Zygote vs. Forward Diff with Optim

Hi all,
I am solving an optimization problem using an Augmented Lagrangian (AL) of a constrained parameterized problem. I have about 400 parameters and the AL spits out a scalar which is to be minimized. I have already solved the problem, but I am experimenting with distinct gradient approaches: finite differences and forward (both already provided by Optim) and I am testing Zygote for reserve autodifferentiation. This is relevant to me because I want to cast my algorithm into a NN lens. There are also many reasons why I am not doing this directly with Flux.

It happens that the options provided by Optim are much faster than Zygotes’s reverse one. The time the algorithm running with Zygote takes to complete one iteration is three times the time it takes for the complete solution when using =:forward with Optim.

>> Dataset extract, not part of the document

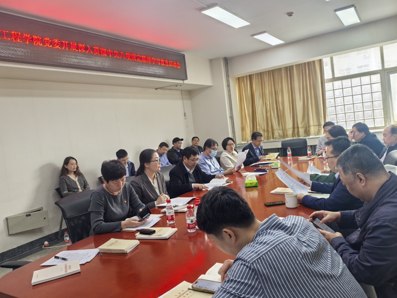会后,耿倩男带领与会人员共同学习《中共中央八项规定》及《中央八项规定实施细则》相关内容。
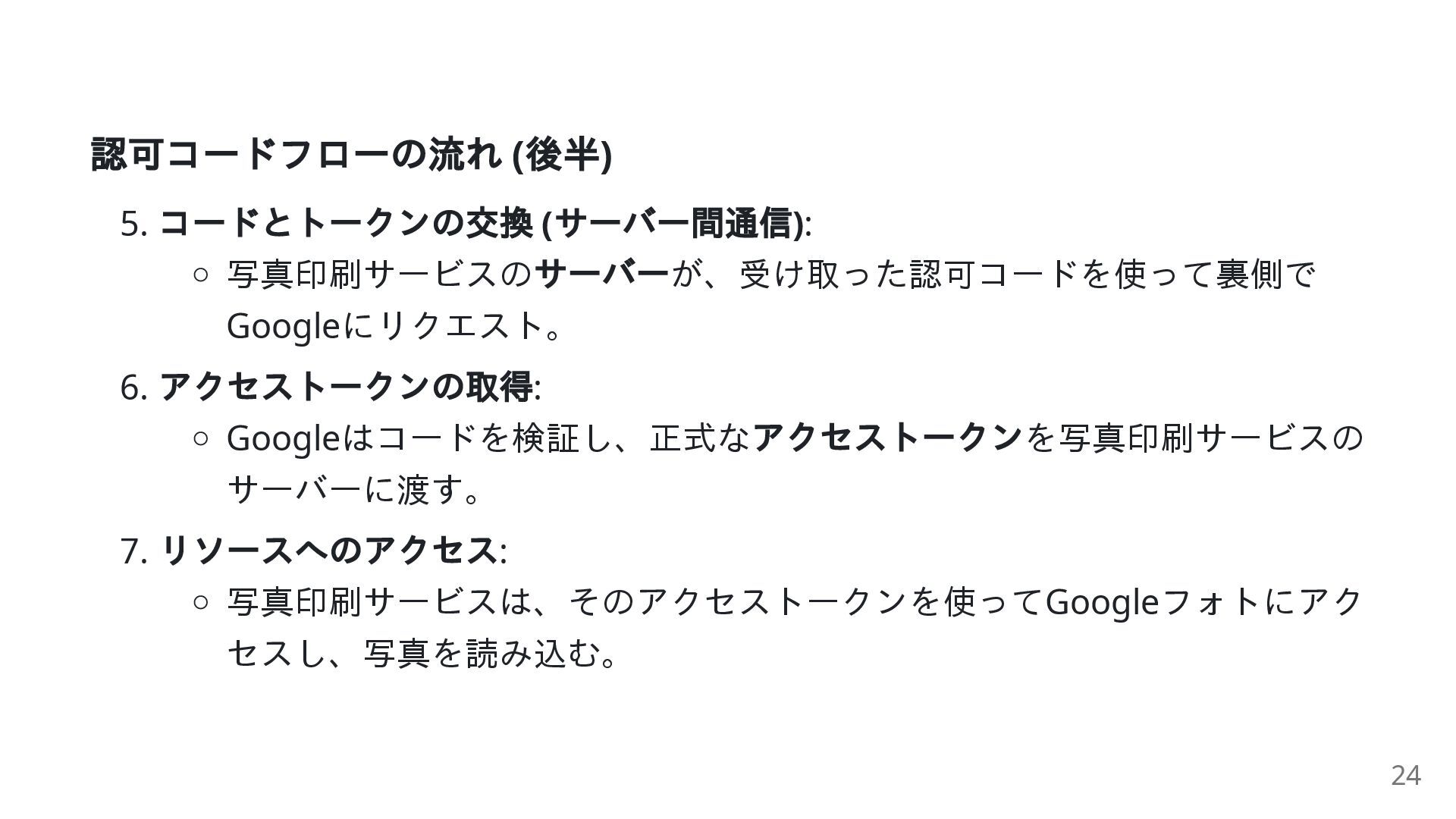 6. アクセストークンの取得: Googleはコードを検証し、正式な アクセストークンを写真印刷サービスの サーバーに渡す。 7. リソースへのアクセス: 写真印刷サービスは、そのアクセストークンを使ってGoogleフォトにアク セスし、写真を読み込む。 24

I am aware of these discussions here:

In order to provide an idea of what I am doing, I created this mini-toy problem:

using Optim, Zygote

μ = 2
υ = rand()

#Objective Function
f(x::Vector{Float64}) = x[1]^2 + x[2]^2 

g(x::Vector{Float64}) = x[1]   + x[2] - 1

#Augmented Lagrangian 
L(x::Vector{Float64}) = f(x) + υ*g(x) + μ*g(x)^2

#This is where I write the reverse diff gradient
function g!(G, x)
    G .= gradient(L, x)[1]

xₖ    = rand(2)
VIOLₖ = 10e12
k     = 0
ϵ     = 10e-4

cond = false

while cond == false
    @label innerloop
    if k > 15 @goto terminate end
    println("Iteration: $k")
    opt = optimize(L, g!, xₖ, ConjugateGradient(), Optim.Options(show_trace=true, g_tol=10e-3, show_every=10))
    #Storing solution
    xₖ = opt.minimizer
    x  = xₖ

    #Checking violations
    VIOLₖ₋₁ = copy(VIOLₖ)
    VIOLₖ   = abs(g(x))

    if VIOLₖ < ϵ
        println("*Solution found: x=$x")
        @goto terminate
    elseif VIOLₖ < 0.9*VIOLₖ₋₁
        println("*VIOL condition validated...")
        @goto outerloop
        μ = 10*μ                
        println("*Updating penalty term...")
        print("Penalty terms: μ=$μ")
        k += 1
        @goto innerloop

    #Update Lagrange multipliers
    @label outerloop
    println("*Accessing outerloop...")
    υ = υ + 2*μ*g(x)
    k += 1
    @goto innerloop

    @label terminate
    cond = true

In the actual problem, I have more constraints (like g above), and they involve some integration (for which I am using FastGaussQuadrature, just out of curiosity).

The way I write g! above is exactly how I write it in the actual problem.

I am especially confused with the fact that the rule of thumb tells us that the reverse diff is more adequate for many inputs, less outputs, which is precisely my case.

Any comments on why I am getting an unworkable slow computation time with Zygote are very welcome.

If you feel you are an expert on the matter and perhaps could help me even further by looking into my full code (including a review on other potential performance issues), please don’t hesitate to send me a message to discuss a potential (compensated) consultation (I apologize if this goes against any community guidelines).

Thank you in advance.

With this code it’s not obvious why ForwardDiff would work better (actually it would probably fail due to strict Float64 typing).
But the fact that you use numerical integration might be a clue. Reverse-mode autodiff in general comes with a high memory cost as soon as iterative procedures are involved.

1 Like

Have you tried Integrals.jl? It defines algorithms that have better compatibility with Zygote.jl thanks to custom “chain rules”. I can tell you more if you’re interested but I think it would already solve your problem

Thank you, I suspected the iterative aspect had something to do with it.

I will definitely look into Integrals.jl and get back to you! Thank you again.

1 Like